— Неужто на том все и осталось? — спрашивает парень из Семюра. — Ну конечно, — отвечаю я.
— И он по-прежнему один жрал свои харчи?
— Ну да. — Надо было заставить его делиться, — говорит парень из Семюра.
— Легко сказать, — отвечаю я, — он же не хотел делиться. Что же нам было делать?
— Надо было заставить его, говорю тебе. Когда в камере сидят трое и двое из них заодно, есть тысячи способов уломать третьего. — Конечно, — соглашаюсь я.
— Ну так в чем же дело? Какие-то вы рохли, как я погляжу, что твой парень из Отского леса, что ты сам.
— А мы и не хотели его уламывать.
— Это еще почему?
— А потому, что каждый кусок, уж верно, застрял бы у нас в горле.
— Какой кусок? — переспрашивает парень из Семюра.
— Да тот, что бросил бы нам Рамайе.
— Подумаешь, «бросил»… Не бросил, а отдал бы в общий котел. Надо было заставить его все делить с вами поровну, его собственные припасы и посылки того парня из Отского леса.
— Не хотели мы этого делать, — признаюсь я.
— Уж больно вы оба с ним миндальничали, — говорит парень из Семюра.
Позади нас — не то в четвертом, не то в пятом ряду — вдруг возникла давка, послышались крики.
— Что там еще стряслось? — спросил парень из Семюра.
Груда слипшихся тел заколыхалась.
— Воздуха!
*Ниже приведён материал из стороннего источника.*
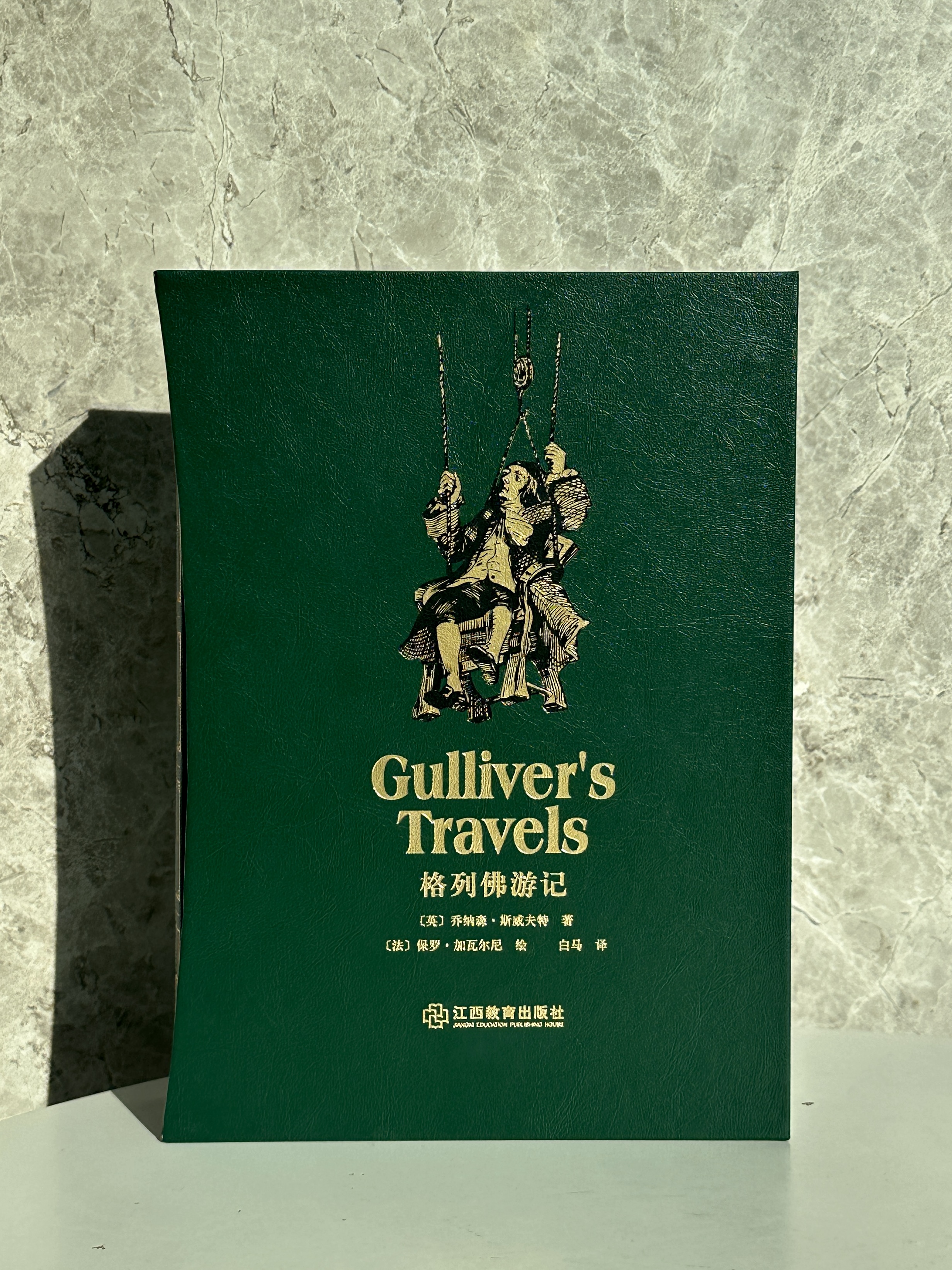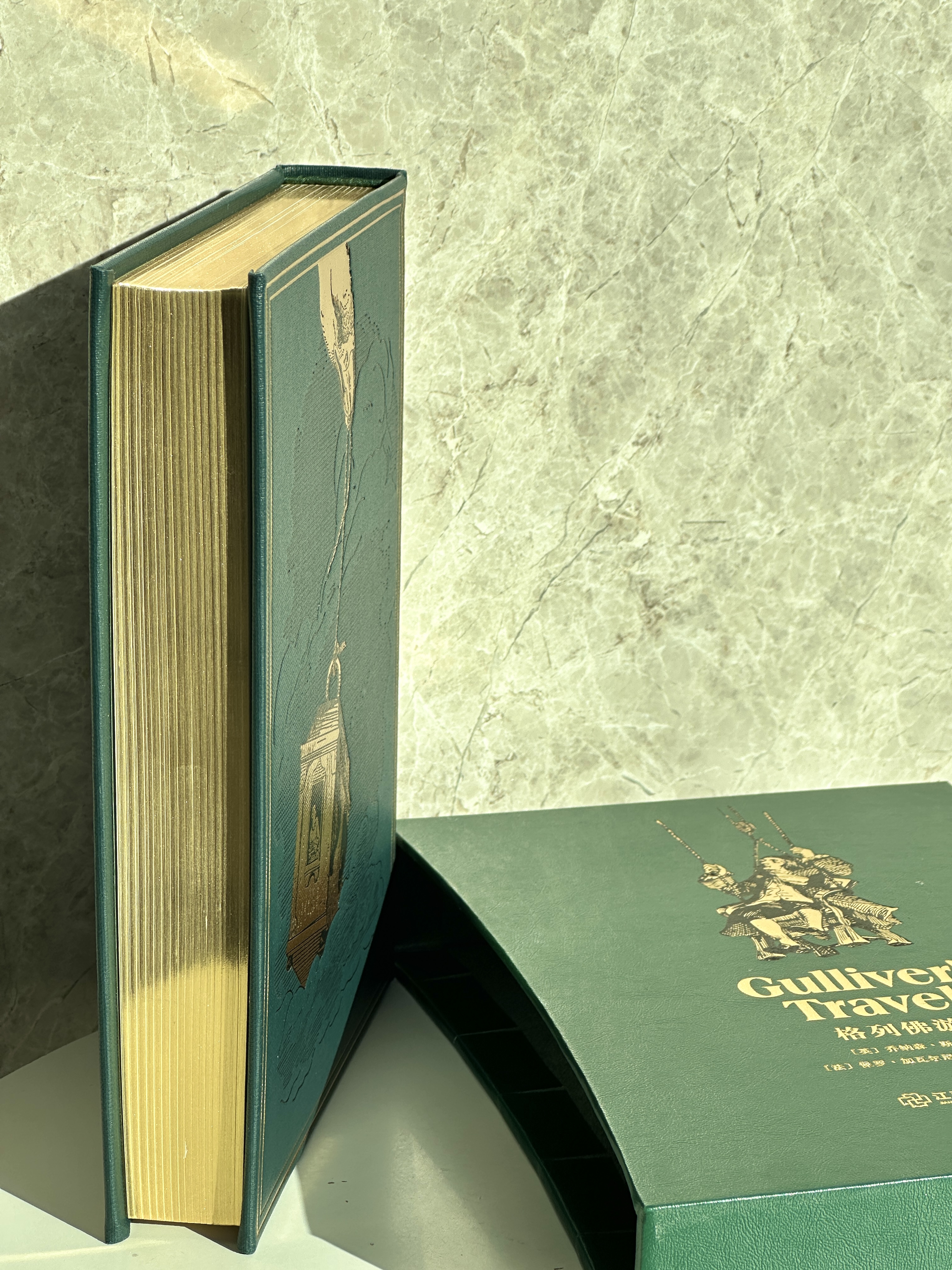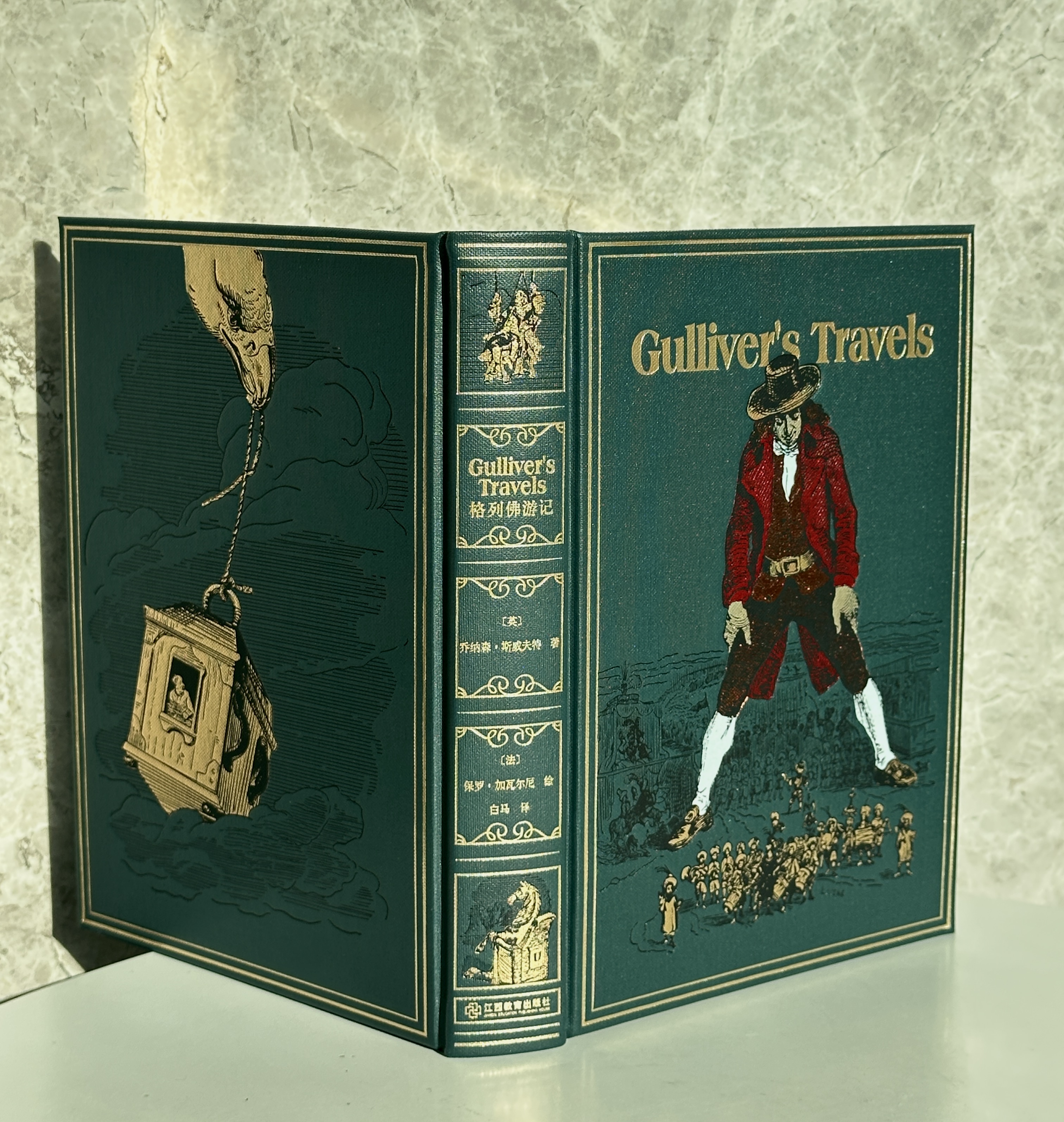 以烫金烫印工艺精细呈现格列佛第三次航海中被接引至悬浮于空中的飞岛国的经典场景。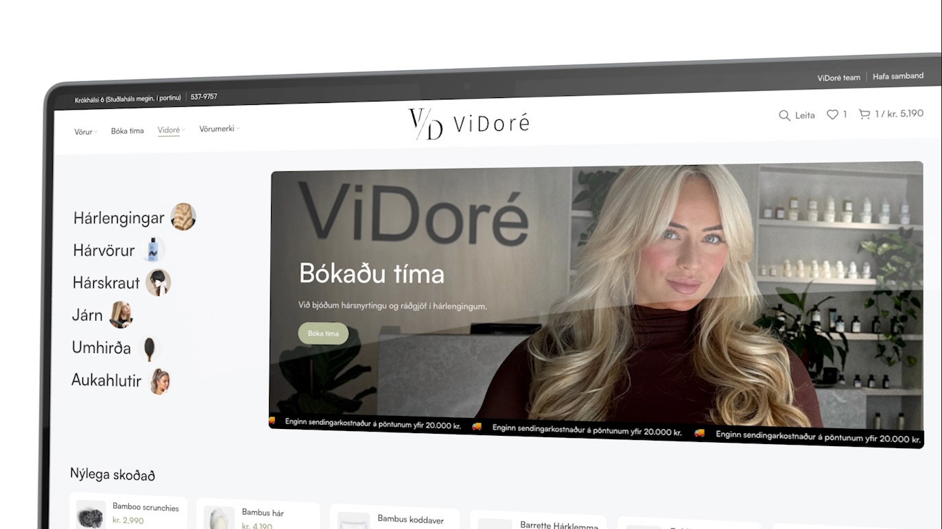 Við hönnuðum og settum upp sérsniðna vefverslun fyrir ViDoré, leiðandi sérfræðinga í hárlengingum á Íslandi. Verkefnið fólst í að skapa stafræna upplifun sem endurspeglar gæði og þjónustu stofunnar, sem er meðal annars dreifingaraðili fyrir hið eftirsótta vörumerki Rapunzel of Sweden.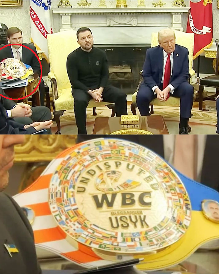1일(현지시간) 미 CNN 등은 젤렌스키 대통령이 지난달 28일 미국 워싱턴 D.C. 백악관에서 열린 트럼프 대통령과의 정상회담에 '우크라이나 복싱 영웅'으로 불리는 올렉산드르 우식의 챔피언 벨트를 들고 갔다고 전했다. 올렉산드르 우식은 현 WBC·WBA·WBO 헤비급 통합 챔피언이다. 젤렌스키 대통령은 트럼프 대통령이 복싱을 좋아한다는 점을 겨냥해 우식의 챔피언 벨트를 가져간 것으로 추정된다.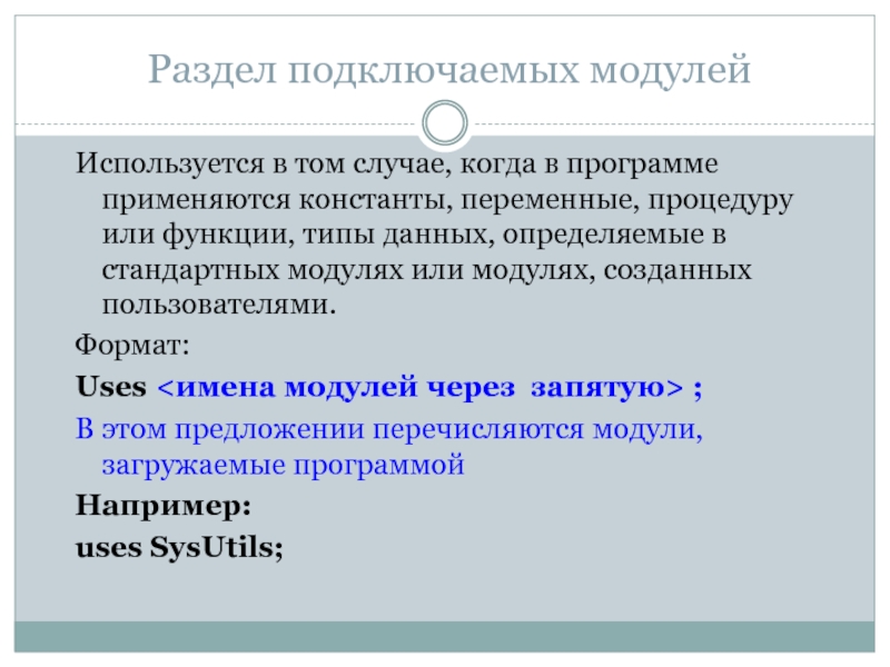 Uses <имена модулей через запятую> ;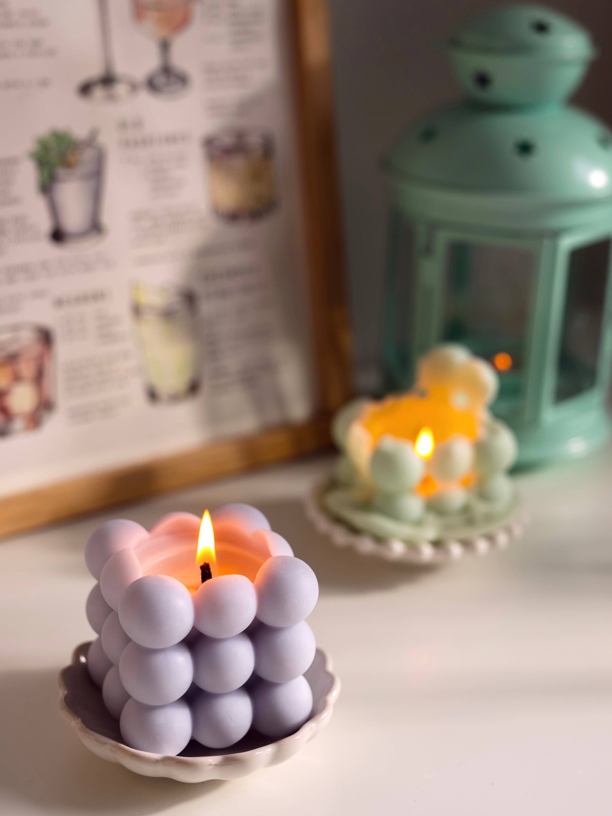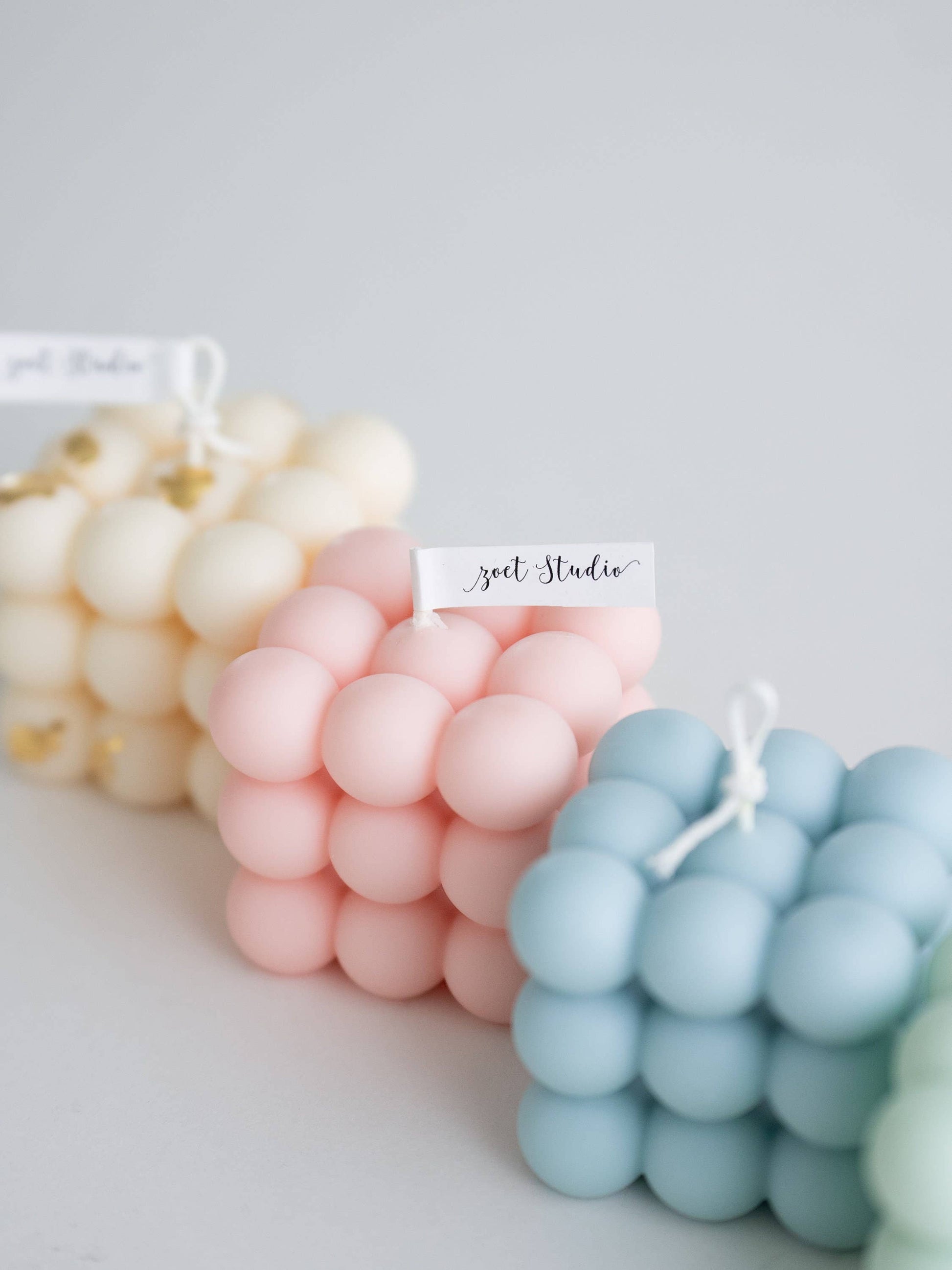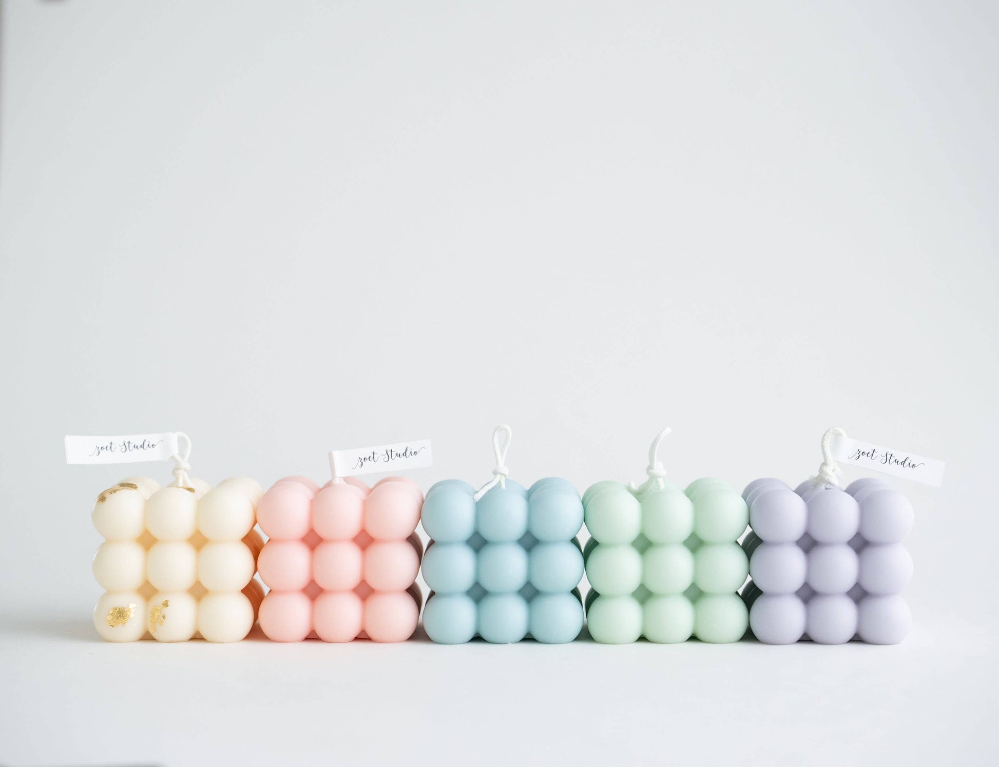 Classic cube/bubble candles made of natural soy wax and phthalate-free high quality fragrance oil.

Дайте ему воздуха! — раздался голос сзади. — Посторонитесь, черт побери, подтащите его к окну! — крикнул другой.
Темная груда тел качнулась, образовав проход, и невидимые руки невидимых людей подтолкнули к окну, к нам двоим, безжизненное тело старика. Парень из Семюра подхватил его с одной стороны, я — с другой, вдвоем мы поднесли его к оконцу, сквозь которое задувал в вагон холодный ночной воздух.
— Черт побери, — проговорил парень из Семюра, — скверный у него вид.
Лицо больного исказилось, глаза погасли. Страдальчески искривлен рот.
— Чем бы ему помочь? — спросил я.
Парень из Семюра посмотрел на старика и ничего не ответил. Внезапно по телу больного пробежала дрожь. Ожившие вдруг глаза впились в ночное небо.
— Понятно? — проговорил он тихим, но внятным голосом. И тут же взгляд его снова погас, тело грузно повисло у нас на руках. — Приятель, — зашептал парень из Семюра, — приятель, не поддавайся.
Но кажется, он уже поддался.
— Видно, сердце сдало, — сказал парень из Семюра. Как будто нам станет легче оттого, что мы узнаем причину смерти старика. Потому что он и в самом деле умер, сомнений нет. Он раскрыл глаза, спросил: «Понятно?» — и тут же умер. И мы стояли у оконца, сквозь которое задувал в вагон холодный ночной воздух, держа на руках его труп.
— Он умер, — сказал я парню из Семюра.
Он знал это не хуже меня, он только не мог с этим примириться.
— Видно, сердце сдало, — повторил он.
У стариков часто сдает сердце, это в порядке вещей. Но нам обоим по двадцать лет, с нами такого быть не может. Вот что он хотел сказать, парень из Семюра. Он причислил эту смерть к тем неожиданным, но закономерным явлениям, которые случаются со стариками. Так спокойнее. Смерть старика не имеет к нам прямого касательства. Она зрела в теле этого старика, она таилась в нем уже давно. Болезнь сердца — вещь известная, а сердечный приступ может случиться в любое время. Нам же обоим по двадцать лет, эта смерть нам не угрожает.
Мы стояли, держа на руках труп, не зная, что делать дальше.
— Как дела? — крикнул кто-то сзади. — Как он себя чувствует? — Никак, — ответил я. — Что, что? — закричали сзади. — Он умер, — сказал парень из Семюра.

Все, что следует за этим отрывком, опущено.